Bush orders seal on Jefferson documents

Amid Congress-Justice clash, materials to be held 45 days


WASHINGTON -- President Bush intervened yesterday to defuse an increasingly contentious dispute between congressional leaders and the Justice Department, ordering that documents seized in an unprecedented raid on a congressman's office be sealed for 45 days.

Congressional leaders, displaying rare bipartisan unity, had angrily accused the Justice Department of overstepping its authority and demanded the return of the material confiscated in a weekend search of the Capitol Hill office of Rep. William J. Jefferson, a Louisiana Democrat, who is under investigation for bribery.

"This period will provide both parties more time to resolve the issues in a way that ensures that materials relevant to the ongoing criminal investigation are made available to prosecutors in a manner that respects the interests of a coequal branch of government," Bush said in a statement. "The Justice Department and the House of Representatives should continue their discussions and resolve this matter as quickly as possible."

House Speaker Dennis Hastert, an Illinois Republican, accepted the olive branch from the White House but said he stood by his position that the search warrant served on Jefferson was a violation of the "separation of powers" between Congress and the executive branch.

"This gives everybody a chance to step back," Hastert said after meeting with fellow Republicans, whose cheers at the announcement were audible outside their meeting room in the basement of the Capitol.

Hastert insisted he was defending the Constitution, not a potentially corrupt congressman.

The dispute began Saturday when FBI agents served a search warrant on Jefferson's office and barred congressional officers - including the House sergeant of arms and the Capitol Police - from the site.

It is believed to be the only time in U.S. history that the executive branch served a search warrant on a congressional office.

The Justice Department said the move was necessary after Jefferson had resisted a subpoena. Investigators have searched his home, where they retrieved $90,000 in marked bills wrapped in foil in his freezer. Earlier, he was videotaped accepting the money from a Virginia businesswoman.

Congressional leaders argue that the Constitution protects lawmakers from such searches. They have offered to develop procedures for making available materials connected to a criminal investigation.

Tensions between House Republicans and the White House have been building for months, and the Jefferson dispute appeared to be a last straw.

Members have complained that the White House has often ignored their views, from forcing them into an unwanted debate over Social Security to being politically tone-deaf on issues such as leasing U.S. ports to a Dubai company.

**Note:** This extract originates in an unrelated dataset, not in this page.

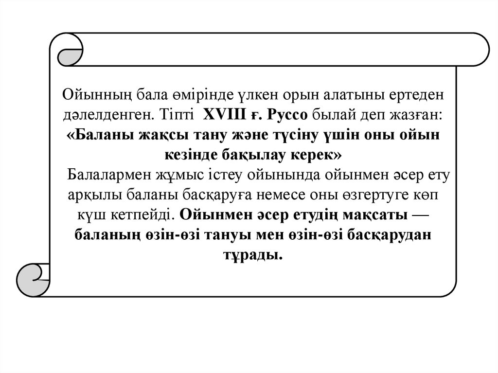 Ойынның бала өмірінде үлкен орын алатыны ертедендәлелденген. Тіпті XVIII ғ. Руссо былай деп жазған:

White House officials would not say whether Bush spoke personally to Attorney General Alberto R. Gonzales about the raid, but said that there had been "ongoing discussions" since the raid with officials from Justice and the House.

Bush ordered that the U.S. solicitor general be responsible for ensuring the documents remain under seal for 45 days.

That office is a Justice Department arm that represents the government before the U.S. Supreme Court.

Gonzales, who approved the search of Jefferson's office, issued a statement saying that he was satisfied with the president's decision.

"Throughout this discussion period with the Congress over the court-authorized search of Congressman Jefferson's office, the Justice Department has sought to protect the integrity of this important continuing public corruption investigation," Gonzales said. "The president's order does that and provides additional time to reach a permanent solution that allows this investigation to continue while accommodating the concerns of certain members of Congress."

A government official, who requested anonymity because of the investigation, said Justice Department negotiators were adamant that the department not relinquish the seized materials because it could compromise the investigation. The official said some senior department officials were prepared to submit their resignations if Bush had ordered them returned.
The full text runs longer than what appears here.